*TASK INSTRUCTIONS*
In the data below, find the line with "入試本番を想定し、問題を解き" and the line with "На ћирилици написано", then restate both and every line between them exactly, minus the pictures.

*INPUT MATERIAL*
'''

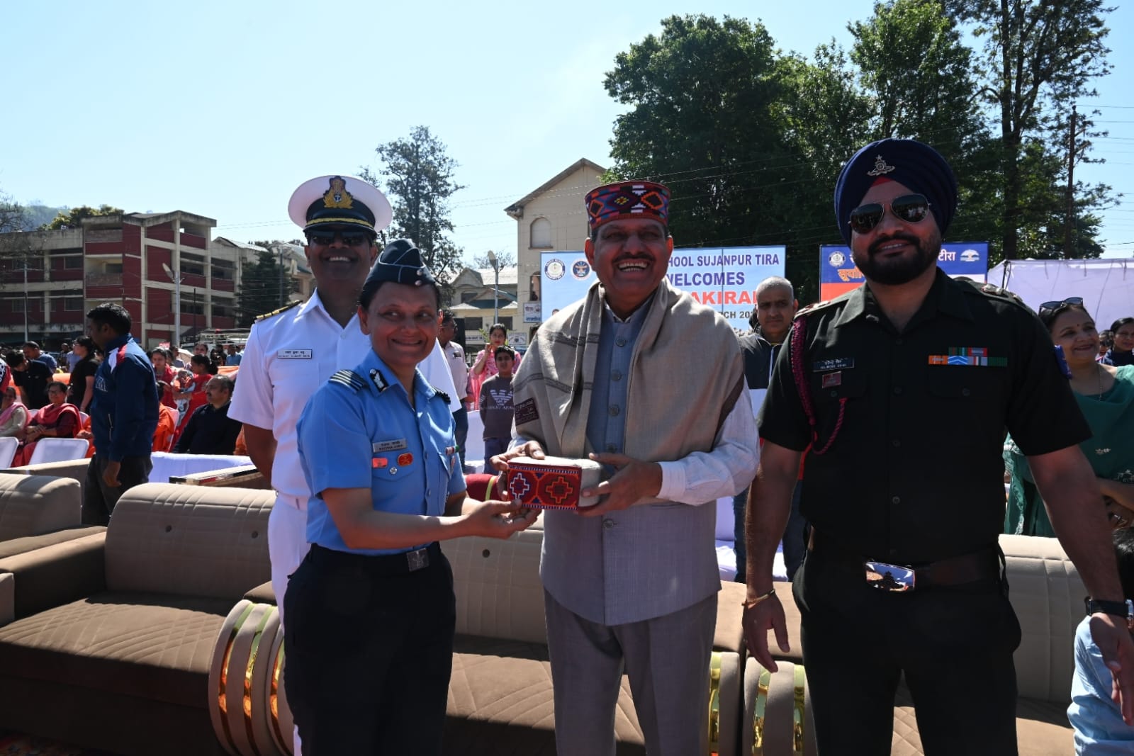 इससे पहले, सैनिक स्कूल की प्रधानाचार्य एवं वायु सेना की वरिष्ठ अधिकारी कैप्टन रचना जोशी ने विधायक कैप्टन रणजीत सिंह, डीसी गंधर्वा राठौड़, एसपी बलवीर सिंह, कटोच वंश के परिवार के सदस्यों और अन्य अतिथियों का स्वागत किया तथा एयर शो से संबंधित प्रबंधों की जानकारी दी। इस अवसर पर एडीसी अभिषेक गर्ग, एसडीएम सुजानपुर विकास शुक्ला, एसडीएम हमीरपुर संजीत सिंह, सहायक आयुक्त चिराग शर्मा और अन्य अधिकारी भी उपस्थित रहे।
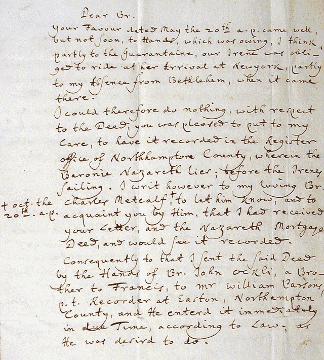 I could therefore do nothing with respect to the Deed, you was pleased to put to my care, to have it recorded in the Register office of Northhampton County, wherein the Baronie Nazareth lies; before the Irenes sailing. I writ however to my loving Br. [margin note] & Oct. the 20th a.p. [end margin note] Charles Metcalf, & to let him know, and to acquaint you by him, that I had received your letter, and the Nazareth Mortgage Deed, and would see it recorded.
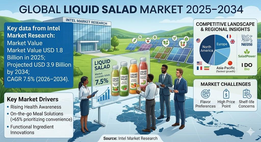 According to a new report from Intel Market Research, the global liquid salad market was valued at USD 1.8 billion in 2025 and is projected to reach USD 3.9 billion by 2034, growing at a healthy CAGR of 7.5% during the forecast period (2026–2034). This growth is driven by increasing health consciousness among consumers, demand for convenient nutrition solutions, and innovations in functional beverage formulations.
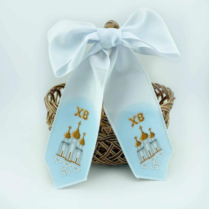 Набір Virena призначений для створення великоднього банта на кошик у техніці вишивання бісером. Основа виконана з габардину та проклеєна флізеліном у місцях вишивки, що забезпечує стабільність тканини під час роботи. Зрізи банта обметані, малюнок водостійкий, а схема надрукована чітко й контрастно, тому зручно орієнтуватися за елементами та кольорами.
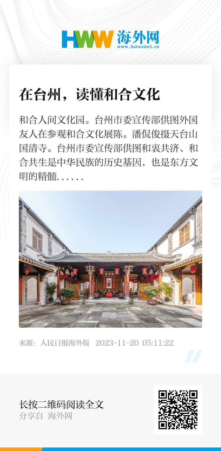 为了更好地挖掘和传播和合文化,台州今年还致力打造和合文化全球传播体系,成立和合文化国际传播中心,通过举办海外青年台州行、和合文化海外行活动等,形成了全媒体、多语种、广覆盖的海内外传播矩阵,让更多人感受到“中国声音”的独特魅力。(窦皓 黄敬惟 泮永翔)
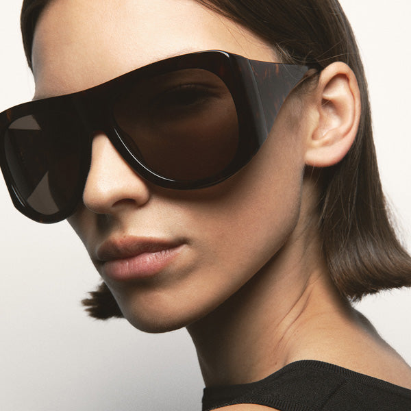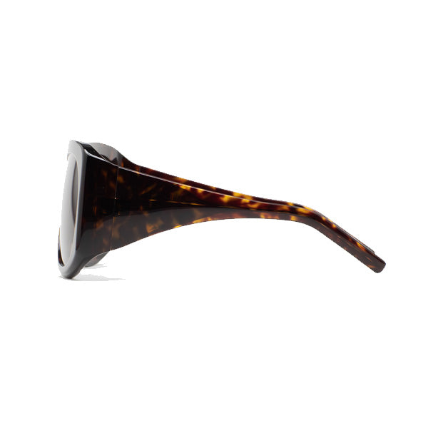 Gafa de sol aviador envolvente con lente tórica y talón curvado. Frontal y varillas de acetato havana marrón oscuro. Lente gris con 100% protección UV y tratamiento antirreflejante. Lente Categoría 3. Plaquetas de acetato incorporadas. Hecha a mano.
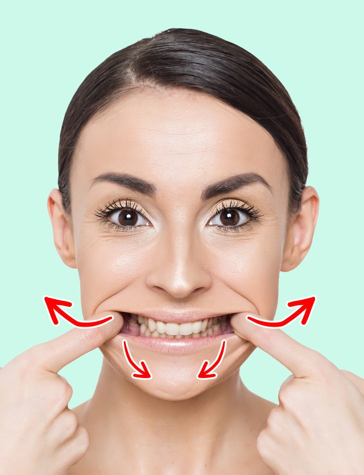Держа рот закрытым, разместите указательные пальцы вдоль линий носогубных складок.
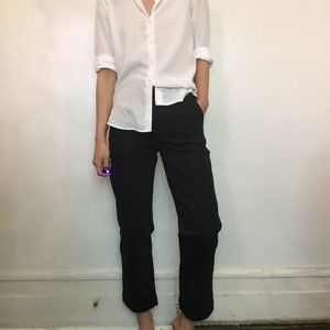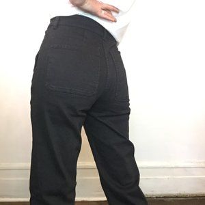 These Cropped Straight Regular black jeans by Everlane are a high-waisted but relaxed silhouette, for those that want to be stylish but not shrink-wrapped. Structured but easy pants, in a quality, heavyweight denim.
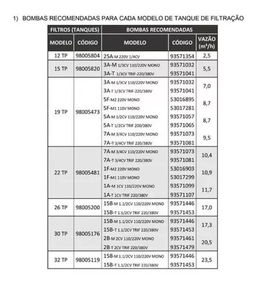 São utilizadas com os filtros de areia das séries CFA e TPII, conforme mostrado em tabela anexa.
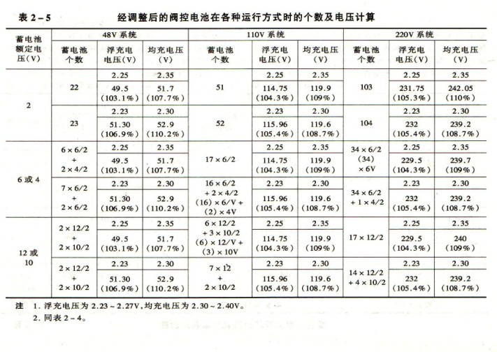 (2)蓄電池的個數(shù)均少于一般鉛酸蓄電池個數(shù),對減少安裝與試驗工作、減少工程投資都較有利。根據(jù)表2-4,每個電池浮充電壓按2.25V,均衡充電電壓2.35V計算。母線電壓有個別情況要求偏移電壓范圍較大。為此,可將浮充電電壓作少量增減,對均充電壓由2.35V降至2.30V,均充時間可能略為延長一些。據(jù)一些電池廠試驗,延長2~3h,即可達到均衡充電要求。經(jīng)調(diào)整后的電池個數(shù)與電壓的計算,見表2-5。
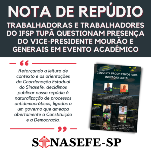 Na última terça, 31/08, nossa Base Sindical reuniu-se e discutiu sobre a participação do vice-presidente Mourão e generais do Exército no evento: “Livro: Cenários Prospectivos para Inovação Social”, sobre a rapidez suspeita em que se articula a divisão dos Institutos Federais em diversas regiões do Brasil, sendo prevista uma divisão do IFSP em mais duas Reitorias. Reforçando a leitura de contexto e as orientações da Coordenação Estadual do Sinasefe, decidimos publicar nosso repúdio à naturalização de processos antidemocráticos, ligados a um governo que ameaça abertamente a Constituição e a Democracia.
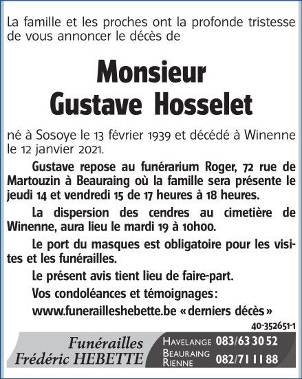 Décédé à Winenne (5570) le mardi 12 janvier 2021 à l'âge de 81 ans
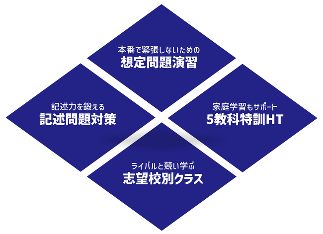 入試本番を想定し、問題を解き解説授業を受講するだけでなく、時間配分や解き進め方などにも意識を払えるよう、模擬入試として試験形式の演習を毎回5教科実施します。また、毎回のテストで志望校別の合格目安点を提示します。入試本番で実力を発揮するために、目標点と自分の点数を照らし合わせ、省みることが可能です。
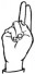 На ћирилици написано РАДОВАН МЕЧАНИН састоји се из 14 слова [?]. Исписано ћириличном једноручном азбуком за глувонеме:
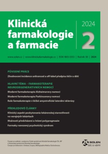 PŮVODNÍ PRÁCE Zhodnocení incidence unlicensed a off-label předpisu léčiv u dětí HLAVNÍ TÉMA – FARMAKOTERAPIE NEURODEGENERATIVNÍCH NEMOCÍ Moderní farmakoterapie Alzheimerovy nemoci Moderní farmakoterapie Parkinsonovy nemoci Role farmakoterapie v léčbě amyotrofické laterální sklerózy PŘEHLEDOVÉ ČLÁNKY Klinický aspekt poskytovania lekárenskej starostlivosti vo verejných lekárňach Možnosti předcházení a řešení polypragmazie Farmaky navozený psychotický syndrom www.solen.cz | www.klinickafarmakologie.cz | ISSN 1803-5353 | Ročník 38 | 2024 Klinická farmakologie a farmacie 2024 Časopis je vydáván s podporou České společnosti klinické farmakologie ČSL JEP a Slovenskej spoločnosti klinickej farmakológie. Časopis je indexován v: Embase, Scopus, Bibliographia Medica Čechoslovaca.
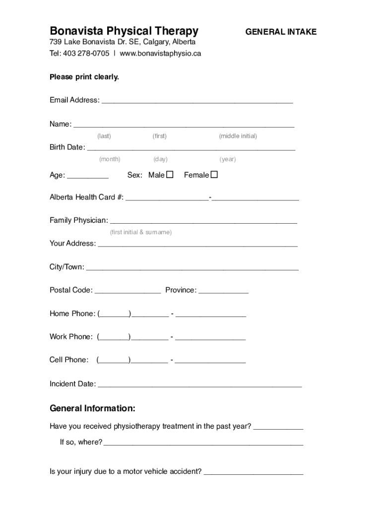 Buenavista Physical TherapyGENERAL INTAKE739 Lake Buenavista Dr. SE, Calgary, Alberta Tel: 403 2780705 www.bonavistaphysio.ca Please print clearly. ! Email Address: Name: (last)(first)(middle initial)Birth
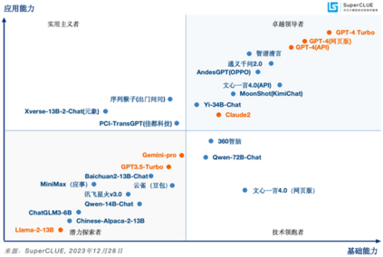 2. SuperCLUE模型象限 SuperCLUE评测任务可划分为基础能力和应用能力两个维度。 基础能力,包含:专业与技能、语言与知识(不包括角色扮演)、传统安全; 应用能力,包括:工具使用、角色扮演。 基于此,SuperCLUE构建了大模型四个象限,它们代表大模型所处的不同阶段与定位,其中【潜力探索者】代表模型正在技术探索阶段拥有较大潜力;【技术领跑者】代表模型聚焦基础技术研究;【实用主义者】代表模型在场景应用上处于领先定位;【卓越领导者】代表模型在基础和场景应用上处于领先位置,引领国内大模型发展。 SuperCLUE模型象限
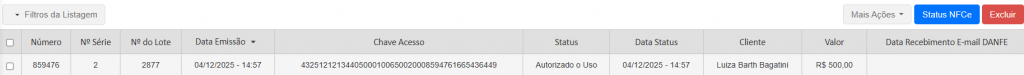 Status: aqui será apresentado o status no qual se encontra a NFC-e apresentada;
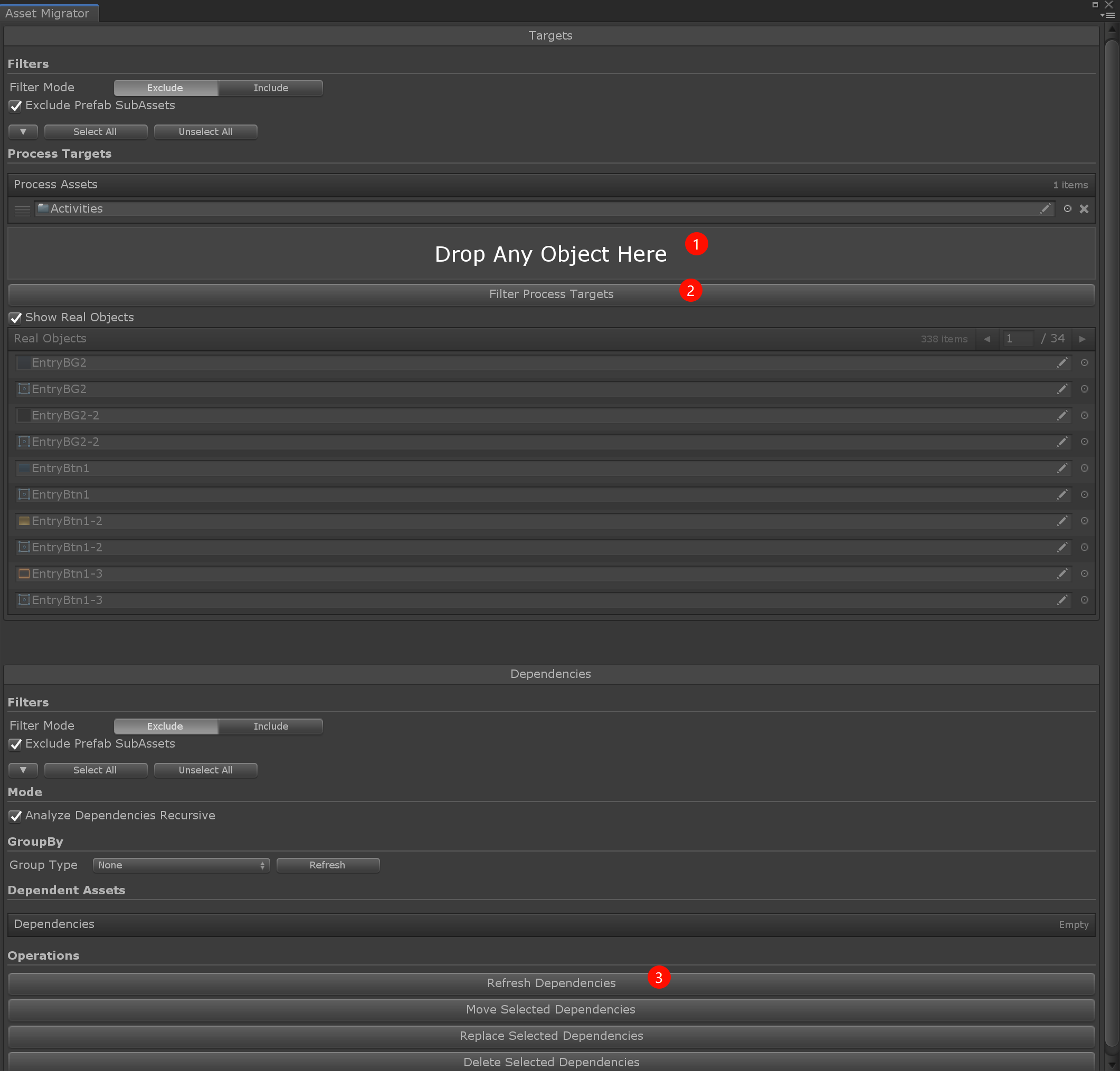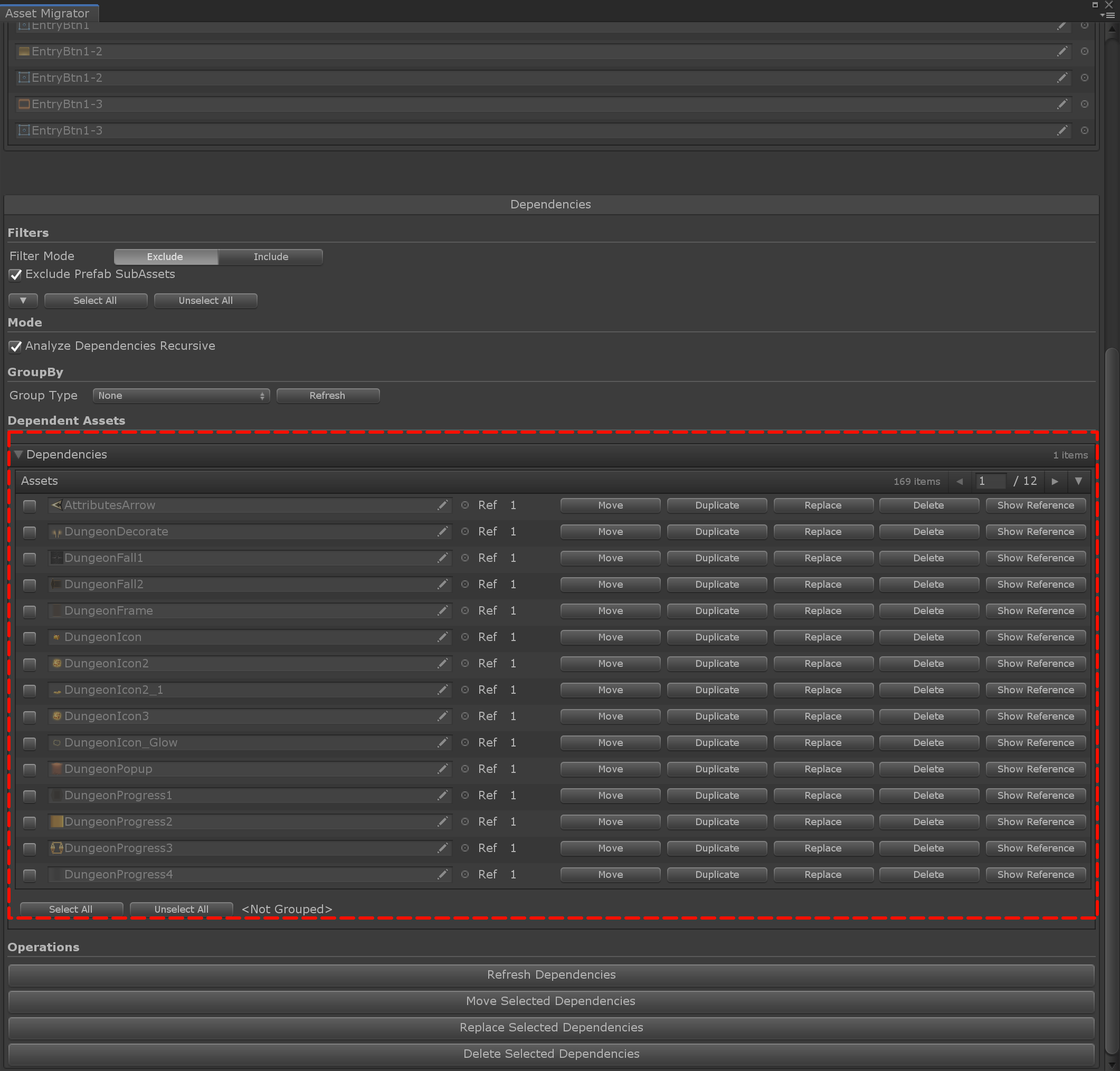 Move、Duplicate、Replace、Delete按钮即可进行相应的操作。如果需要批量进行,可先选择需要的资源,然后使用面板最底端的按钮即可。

'''

*RESPONSE AREA*
 入試本番を想定し、問題を解き解説授業を受講するだけでなく、時間配分や解き進め方などにも意識を払えるよう、模擬入試として試験形式の演習を毎回5教科実施します。また、毎回のテストで志望校別の合格目安点を提示します。入試本番で実力を発揮するために、目標点と自分の点数を照らし合わせ、省みることが可能です。
 На ћирилици написано РАДОВАН МЕЧАНИН састоји се из 14 слова [?]. Исписано ћириличном једноручном азбуком за глувонеме:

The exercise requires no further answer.